In this article, we will cover quant-based mutual funds and how they eliminate human biases from investing decisions.

The story

Technology has come a long way, transforming how we live and work. Thanks to breakthroughs in computing power, machine learning, and AI, we can now process and analyze information at speeds unimaginable a few decades ago.

Investing has also evolved in this landscape, giving rise to Quant-Based Investing—a style defined by data-driven insights and algorithms.

Quant based investing

Quant (quantitative) investing uses complex mathematical models, algorithms, and computer systems to analyze a large set of data and make investment decisions. It follows predetermined rules to make investment decisions with no human involvement.

Think of it as a funnel where investment ideas are filtered based on various parameters, such as financial performance, valuation metrics, or market sentiment.

For example, imagine a fund manager analyzing years of historical data to find patterns. Let’s say a fund manager found that companies with a market value of ₹25,000 crores or more, zero debt, double-digit revenue, and profit growth, and at least 20% market share, have outperformed the Nifty 50 around 80% of the time. Now, this insight becomes the basis for setting up algorithms that a mutual fund, by default, will only invest in companies meeting all these criteria, screening companies and building a portfolio without any human bias or judgments.

While this is an oversimplified example, it gives you a sense of how quant mutual funds work: they rely on data-backed rules and algorithms to pick investments. It lets the numbers do the decision-making!

It is both–a part active and a part passive style fund. Fund managers play an active role in developing mathematical and statistical models to set up rules and algorithms while these rules act as ‘instructions’ the fund must follow.

Key Advantages of Quant-Based Investing

1. Objectivity:
Quant funds follow strict mathematical models, which means decisions are purely data-based and unaffected by emotions or personal bias.
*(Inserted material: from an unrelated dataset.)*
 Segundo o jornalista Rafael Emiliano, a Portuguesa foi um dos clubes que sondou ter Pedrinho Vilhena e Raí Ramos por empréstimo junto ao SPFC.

2. Quick, Efficient Processing:
The power to analyze vast amounts of data at incredible speeds enables the analysis of substantial real-time data to uncover hidden insights in data.
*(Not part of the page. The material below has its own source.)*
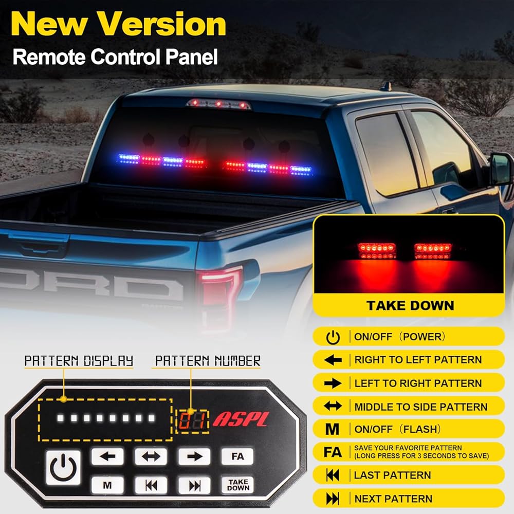 🔥 【لوحة التحكم عن بعد - الأحدث 】 نقوم بترقية وظيفة الضوء. مجهزة بلوحة تحكم مع شاشة عرض، حتى تتمكن من مسح وضع وميض الضوء حتى من مقعد السائق. تحتوي لوحة التحكم على 9 أزرار، بما في ذلك 3 أزرار تحديد سريع لوضع الاتجاه، وزر الوضع المفضل للتخزين، وزر الإزالة.. إجمالي 20 وضعًا للاختيار من بينها وآخر وظيفة ذاكرة النمط المستخدمة.

3. Transparent and Tested:
Quant models are clear-cut, transparent, and can be tested on historical data. This gives investors a good idea of how the model might perform in the future.

Disadvantages of Quant-Based Investing

Model Risk:
The model performing well on past data could perform poorly when presented with new events. So these funds could struggle if market conditions suddenly change.

Data Quality:
The success of a quantitative strategy relies heavily on using high-quality, up-to-date data. Even small data errors can have a major impact on the strategy’s performance.

To conclude

The oldest fund in this category is the Nippon India Quant Fund, launched in February 2005. It has delivered 13.77% returns in the past ten years, while the BSE 500 Index (the benchmark) has delivered 14.26% returns for the same period.

Currently, in India, there are about 10 mutual fund schemes following quant-based investing, with nine of them launched only after 2018. Given the limited data, it’s still unclear if these funds could be a good addition to a portfolio at this stage.

Will it bring a significant change in the investing industry? Only time will tell.